Когда в 1854 году решено было в Петербурге воспользоваться предлогом необходимости будто бы подать помощь Камчатке ближайшим путем, т.е. плывя по Амуру, и Корсаков прислан был для приготовления экспедиции, то вся сущность этого приготовления легла на меня, — а считавшиеся официальными приготовлениями только путали все дело. Всем известно, до какой степени выказались ребяческие замашки Корсакова в объяснениях его с Козакевичем, где обе стороны прибегли к моему посредничеству. Корсаков иной день по два раза прибегал ко мне спрашивать то о том, то о другом. Даже при самом отправлении экспедиции из Читы весь город был свидетелем, что одно только мое присутствие спасло Корсакова от беды, когда он своим бессмысленным желанием пощеголять в деле, где ничего не смыслил, чуть было не погубил экспедицию в самом начале. Видя, как он усердно добивался, чтобы я был при отправлении (он, кроме письменного приглашения, три раза был у меня, чтоб упросить быть вместе и с семейством), все заметили, что верно сердце его предчувствовало, что быть беде, если я тут не буду.

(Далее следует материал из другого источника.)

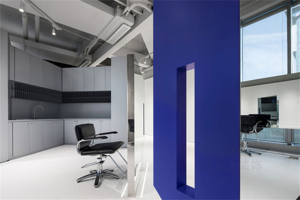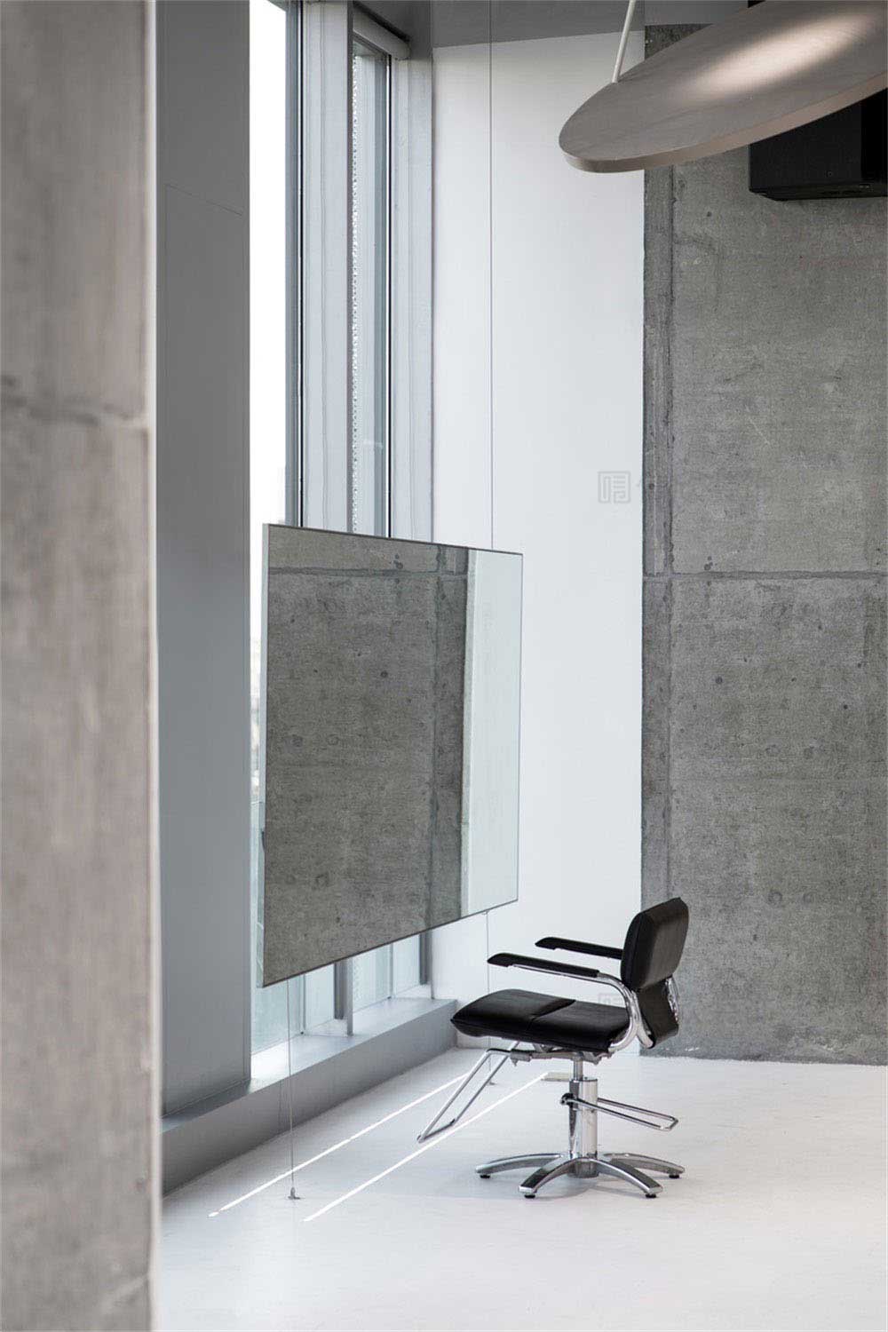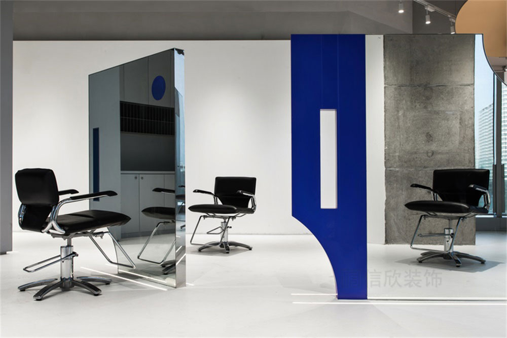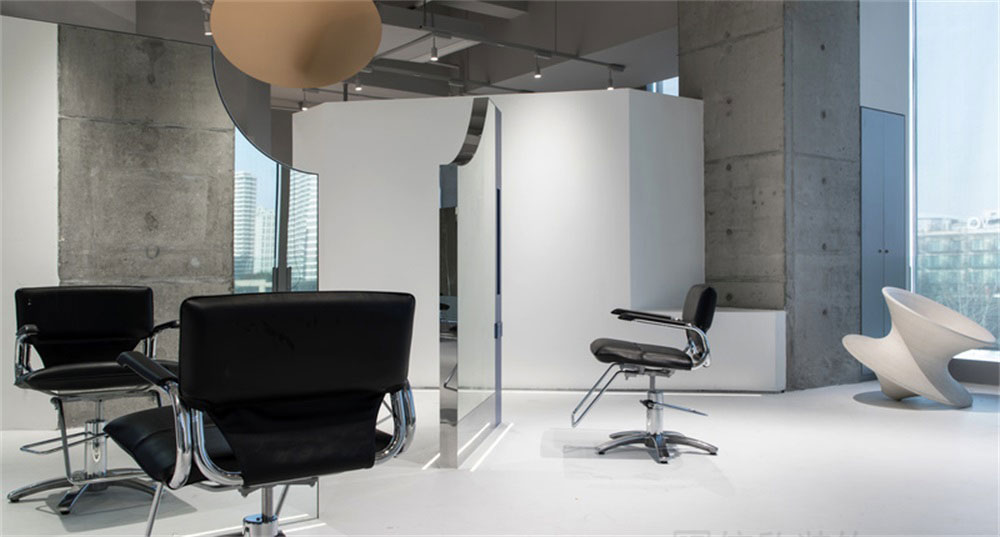 剪發區在白色地面,灰色頂面的應用看上去素雅簡約,雙面式立體圖形的全身鏡,猶如一個個美麗的藝術品,填補了整個場景的空缺,有點睛之筆的妙處。
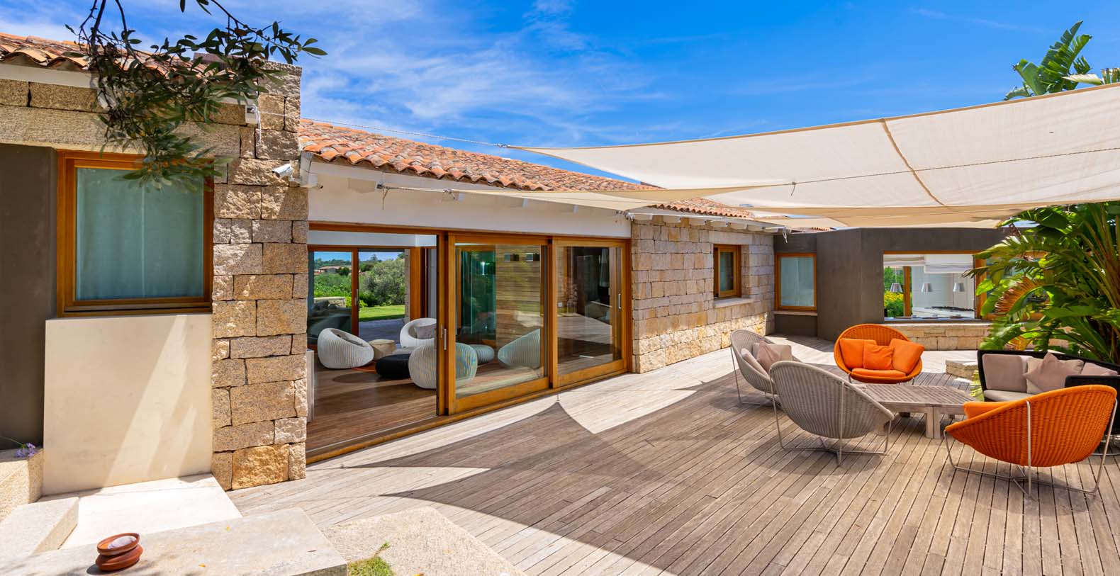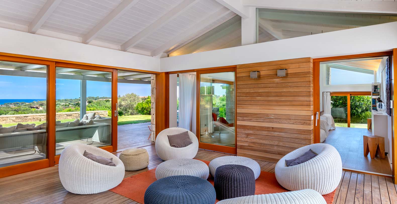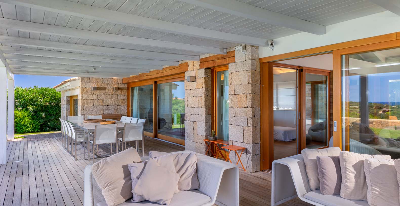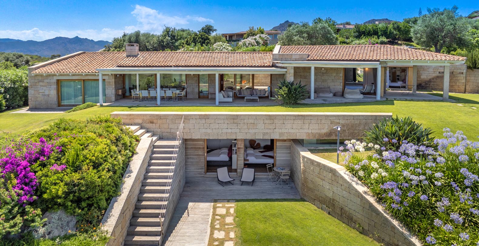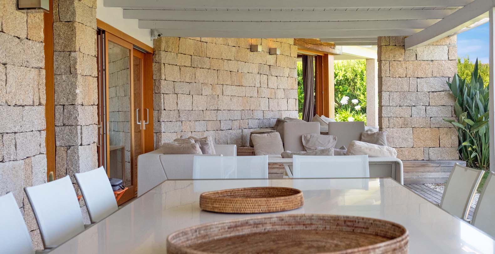Mediterranean style property, is in complete harmony with the surrounding environment, enlivened by the colors and the typical beauties of Sardinia. The entrance area welcomes you in a bright porch enclosed by large retractable glasses and furnished with sofas that overlook the sea.
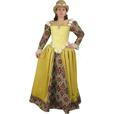 Italské renesanční šaty části kostýmu: šaty, čepec materiál: dekorativní brokát (lehká avšak pevná hustě tkaná látka, odolná vůči zátrhům a prodření, složení 70% PES, 30%...
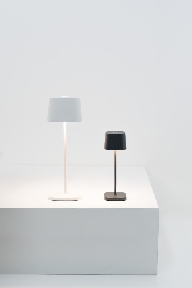 Ofelia Micro is a battery-operated and rechargeable portable table lamp. The lamp features dimming touch control and dimmer memory function, which adjusts the light level and memorizes the dimming steps every time it is switched-on. The light level will correspond to that which was previously set. It also has 3-CCT color temperature selection for 2200K (candle light), 2700K (warm white), and 3000K (cool white). The integrated LED module is designed and engineered to produce controlled downlight.
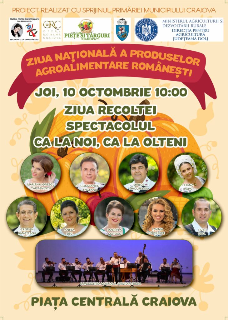 Și, pentru că-i Sărbătoarea Recoltei, tot joi, 10 octombrie, începând cu ora 10.00, Piaţa Centrală din Craiova va găzdui și spectacolul de muzică populară „Ca la noi, ca la olteni”, susţinut de Ansamblul Folcolric „Maria Tănase”.
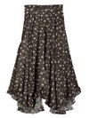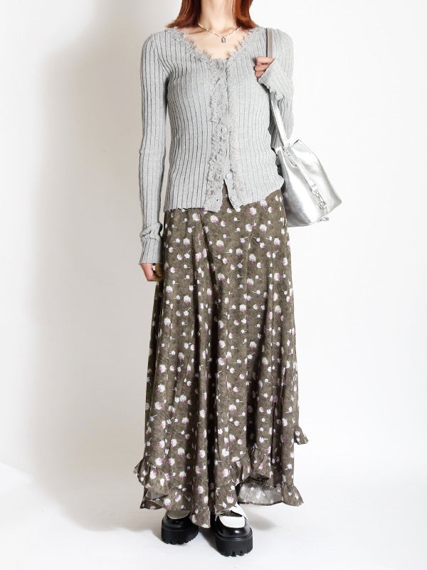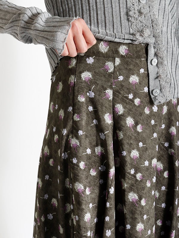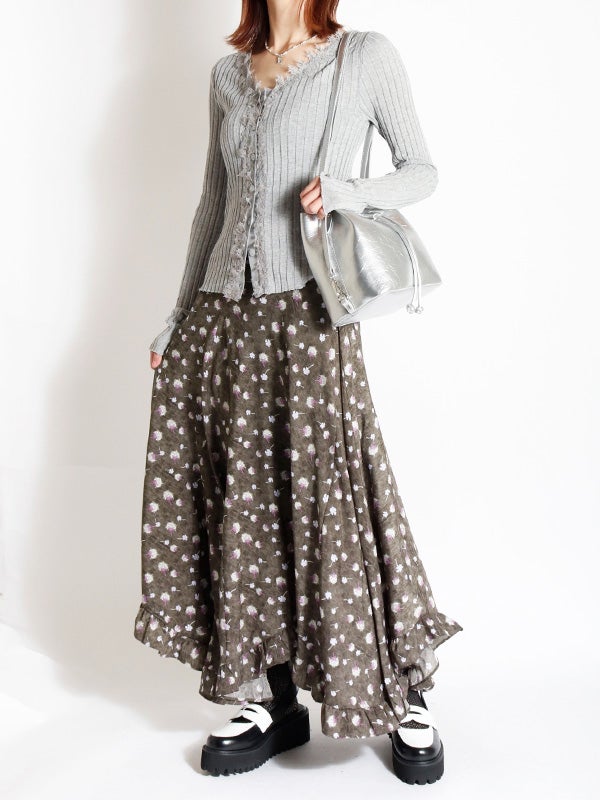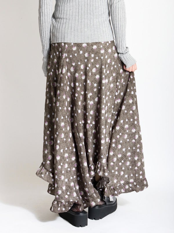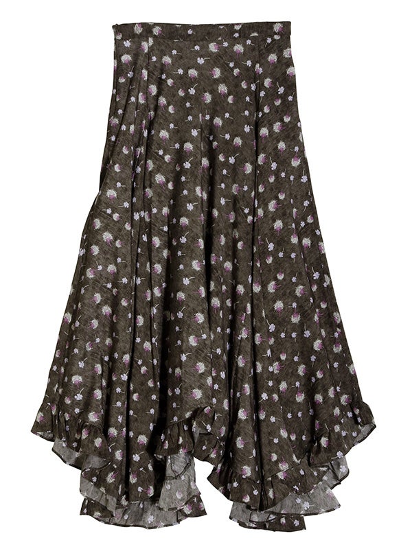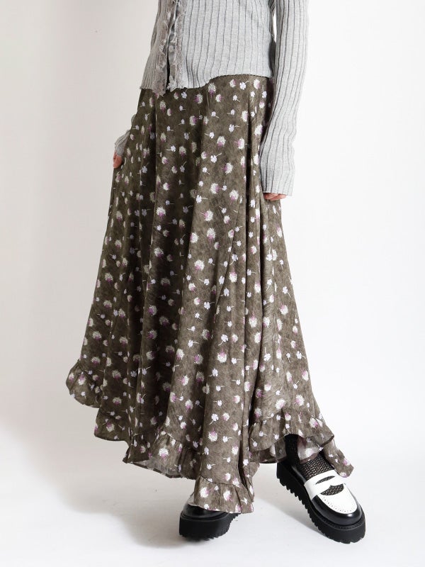 トレンド感のあるアシンメトリーデザインとフェミニンなフリルと花柄を組み合わせたロングスカート。シルエットはトレンド感を意識しつつも、落ち着いた色合いの花柄で表現することで大人な雰囲気で着こなせるデザインに仕上げています。フレア分量にこだわった10枚はぎのフレアシルエット。動くたびに華やかに広がります。シンプルなトップスと合わせるだけでサマに◎。オーバーサイズのカットソーにスニーカーといったリラクシーなスタイルから、ブラウス、ヒールと合わせてきれいめにまとめたスタイルまで、幅広いコーディネートをお楽しみいただけます。
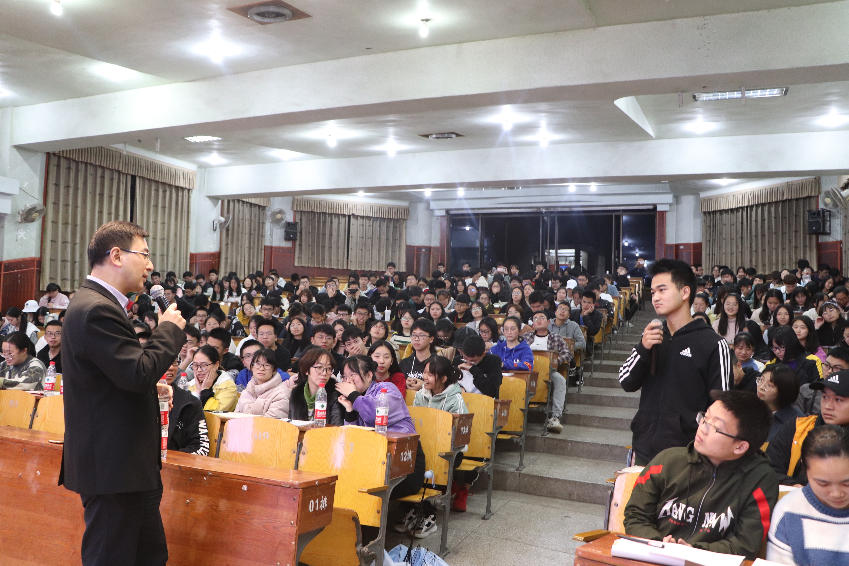 孙旭平教授就“学术”与“励志”两个主题做了专题报告。在报告中,孙旭平教授介绍了课题小组在功能材料表界面设计与调控及催化和传感应用等方面的研究进展。重点内容包括:1、以生物质为原料合成杂原子掺杂的荧光碳点,利用表面氮原子对铜离子的腹肌能力,发展了基于氮掺杂碳点的荧光铜离子传感新策略:2、构建基于富共轭兀电子纳米结构的DNA荧光传感界面;3、采用低温磷化反应实现了无表面活性剂过渡金属磷化物的快速可控制备,发展三维过渡金属磷化物阵列电极,成功用于高效电催化还原氢离子析氢和水氧化;4、发展磷化钴纳米新型荧光淬灭剂,实现了快速、高效DNA检测。在此之后,孙旭平教授建议同学们在学术研究中不能太过于依赖导师,要学会自己创新,自主学习。报告最后,孙旭平教授还与师生们进行了互动交流,深入讨论了化学的有关知识。
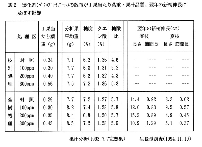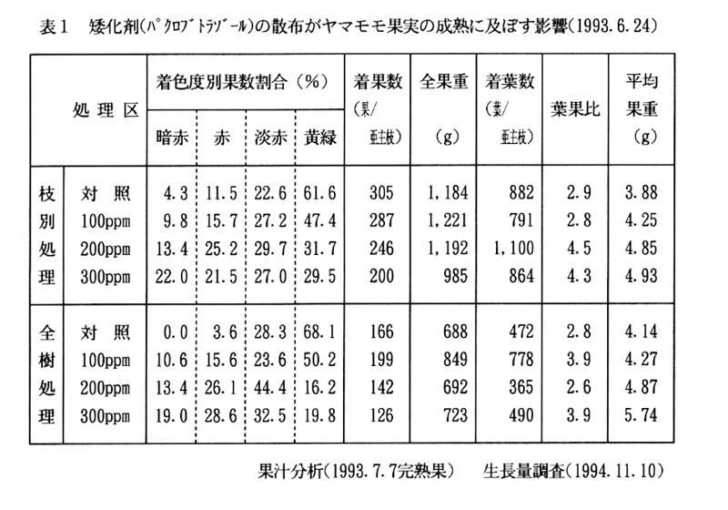 矮化剤(パクロブトラゾール)のヤマモモ緑化木(茎葉散布・土壌灌注)に対する登録は既にあるが、果樹としての登録拡大のための基礎資料を揃えるとともに、開花末期の茎葉散布が果実の形質に及ぽす影響を明らかにする。
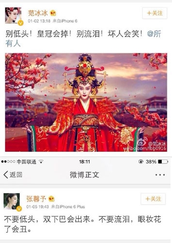 其实张馨予隔空呛声已经不是第一次。年初李晨和范冰冰主演的电视剧《武媚娘传奇》播出时,范爷曾在微博发布“别低头!皇冠会掉!别流泪!坏人会笑!”而时隔不久,张馨予也模仿此句式:“不要低头,双下巴会出来。不要流泪,眼妆花了会丑。”
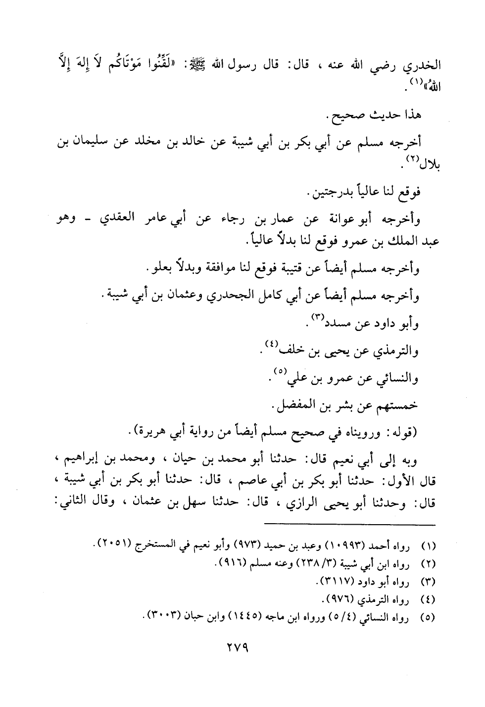 وأخرجه مسلم أيضاً عن قتيبة فوقع لنا موافقة وبدلاً بعلو.
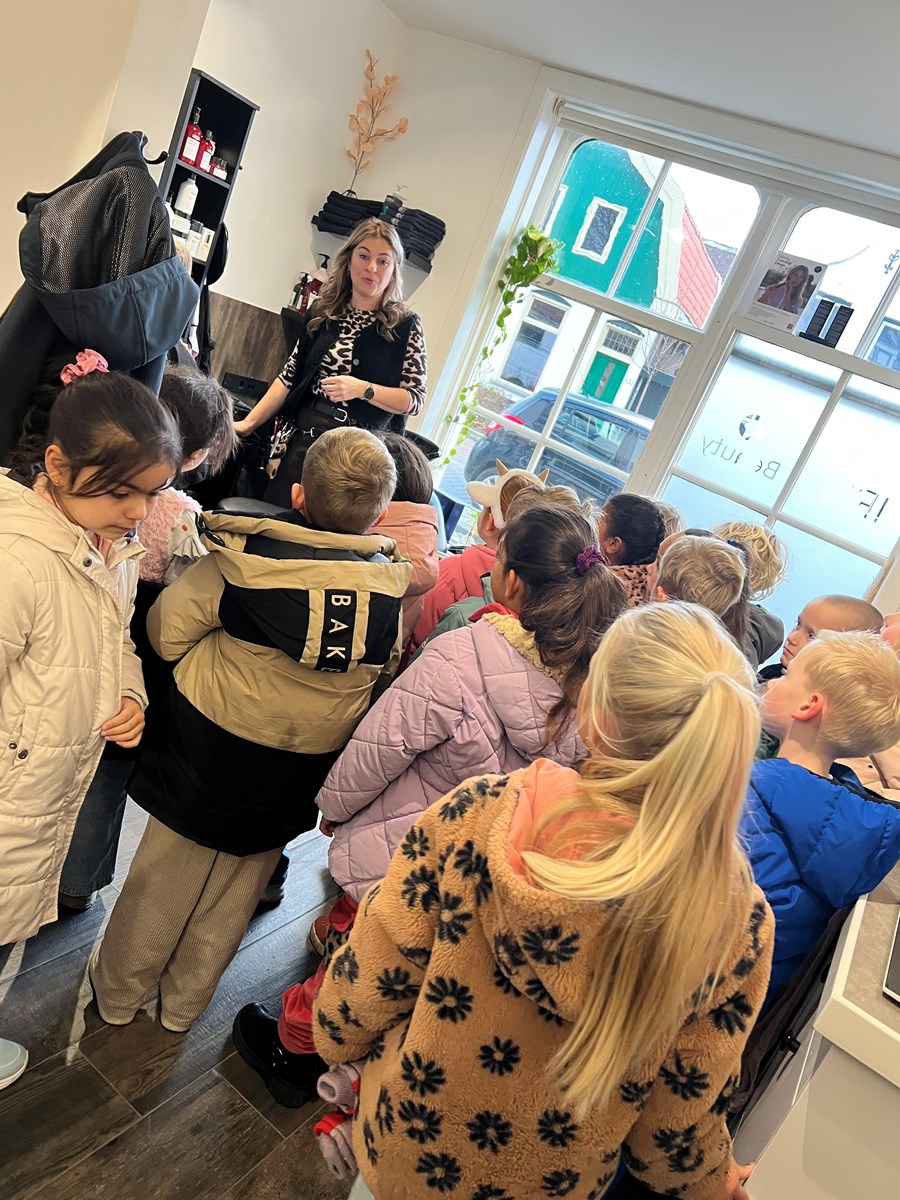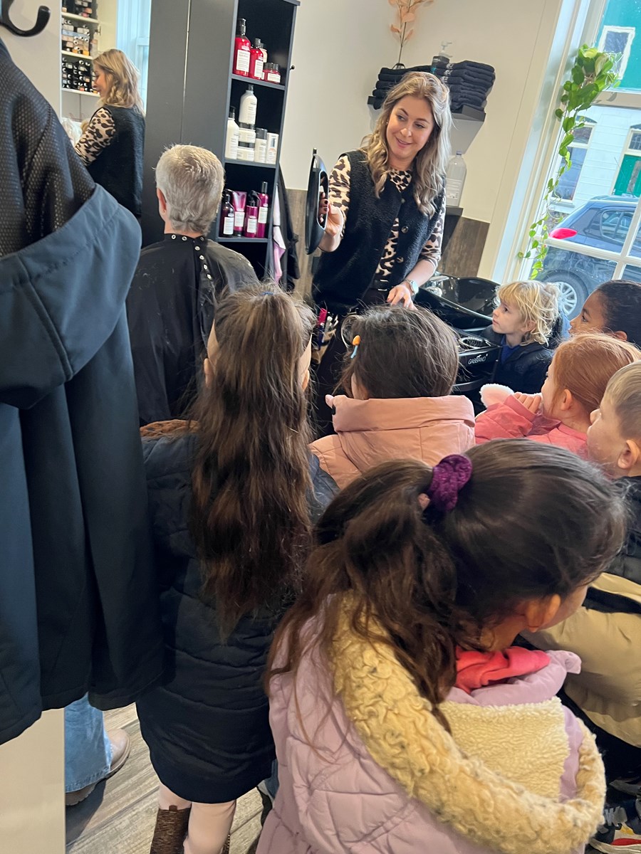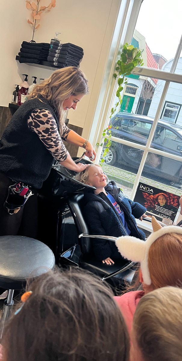 We zijn met de klas op bezoek geweest bij Iris Beauty & Hair, de kapsalon van de moeder van Roos. Het was ontzettend leuk om van dichtbij te zien hoe een kapsalon eruitziet, hoe een kapper te werk gaat en welke materialen er worden gebruikt. Als kers op de taart mochten we zelfs meekijken bij het knippen van een échte klant! Hoe gaaf is dat!

С грустью видел я все более и более обнаружившееся эгоистическое направление Муравьева; неразумность и недоэп бросовестность его распоряжений, окружение себя людьми малосмысленными и неблагонамеренными (годными разве только на то, чтобы льстить ему и быть безусловными орудиями), подчинение пользы государства и благосостояния края личным видам тщеславия и интереса. Конечно, я не молчал, а говорил обо всем откровенно и говорил не с противниками Муравьева, а с людьми близкими ему, чтоб образумить и остановить его; но когда увидел, что все это не помогало уже и что, вероятно, это от того, что Муравьев думает, что так как он добивался уже случая захватить Амур, то может обойтись теперь и без меня, чтоб дать полную волю своим замашкам, я счел своею обязанностью выразить открыто неодобрение его действий и полное изменение моих отношений к нему, и имел на это тем более права, что самым ревностным содействием успеху экспедиции на Амур и устройству края я так ясно и торжественно высказал уже, как строго я разделяю дело от лица и как мало чьи-либо действия и личные отношения к человеку имеют у меня влияние на все, что относится для пользы общей. Поэтому-то, когда Муравьев, отправляясь в экспедицию, приехал в Читу, и Запольский дал в честь его обед, и я был первым из приглашенных, то я отвечал, что не буду.
«Помилуйте, Дмитрий Иринархович, — сказал он, — что я скажу, если Николай Николаевич спросит: что это значит?»
«Не беспокойтесь, Павел Иванович, — отвечал ему я, — он не спросит, но очень хорошо и без объяснений поймет, что это значит. Я служу делу не для Муравьева и теперь должен ясно показать, что содействие, оказанное мною Муравьеву в деле, вовсе не значит, что я одобряю его личность и те действия его, которые прямо истекают из личных его видов ко вреду дела».
Между тем как мы с Запольским напрягали все усилия наши, чтобы изгладить или, по крайней мере, смягчить по возможности дурные распоряжения Муравьева, и край видимо стал отдыхать и поправляться, самая бессовестная интрига, и тайная и явная, усиленно работала и против Запольского, и против меня, особенно когда не удалось им разрознить меня с Запольским. Муравьев сам сказал мне: «Мой штаб Запольского не любит».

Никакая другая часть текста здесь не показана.